◆ PROBLEM TO SOLVE
Print the lines from the one containing "本機(jī)具有高效節(ji" through the end of the material below, both included, exactly as they appear and without pictures.

◆ RECORDED DATA
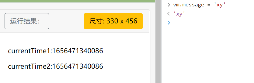 如果在方法中的值发生了变化,则缓存就会刷新!可以在控制台使用vm.message=”xxx"改变下数据的值,再次测试观察效果!
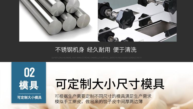 本機(jī)具有高效節(jié)能、安全衛(wèi)生、無邊角廢料、大小厚薄可定制等優(yōu)點(diǎn),使所生產(chǎn)餃子皮在外觀、口感、重量達(dá)到空間統(tǒng)一,從而轉(zhuǎn)變了當(dāng)今生產(chǎn)效率低、員工揮霍、二次污染、中部缺口等現(xiàn)狀,該仿手工餃子皮機(jī)除具有以上優(yōu)點(diǎn)外,還可依據(jù)生產(chǎn)必要轉(zhuǎn)變出皮速度等優(yōu)點(diǎn)。
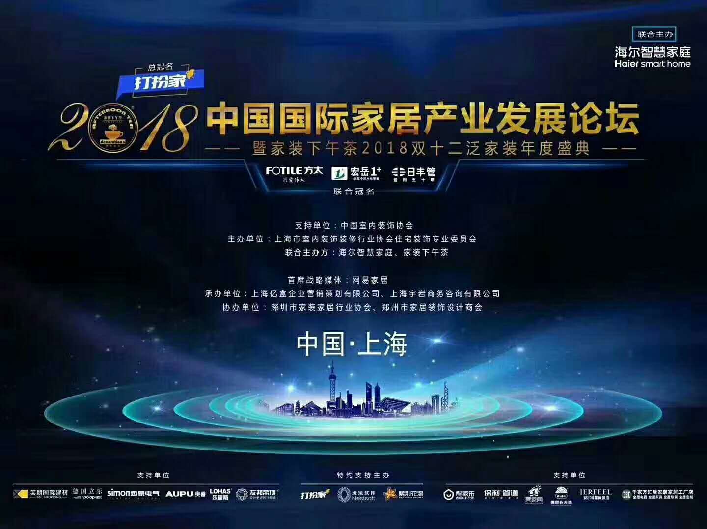 2018年12月12日-14日,2018中国国际家居产业发展论坛暨双十二泛家装年度盛典在上海隆重举行,1500余位家装精英及上下游产业大咖同场交流,分享前沿实践智慧,碰撞行业火花,九游1+作为本次活动联合冠名商荣耀亮相。

◆ TASK ANSWER
 本機(jī)具有高效節(jié)能、安全衛(wèi)生、無邊角廢料、大小厚薄可定制等優(yōu)點(diǎn),使所生產(chǎn)餃子皮在外觀、口感、重量達(dá)到空間統(tǒng)一,從而轉(zhuǎn)變了當(dāng)今生產(chǎn)效率低、員工揮霍、二次污染、中部缺口等現(xiàn)狀,該仿手工餃子皮機(jī)除具有以上優(yōu)點(diǎn)外,還可依據(jù)生產(chǎn)必要轉(zhuǎn)變出皮速度等優(yōu)點(diǎn)。
 2018年12月12日-14日,2018中国国际家居产业发展论坛暨双十二泛家装年度盛典在上海隆重举行,1500余位家装精英及上下游产业大咖同场交流,分享前沿实践智慧,碰撞行业火花,九游1+作为本次活动联合冠名商荣耀亮相。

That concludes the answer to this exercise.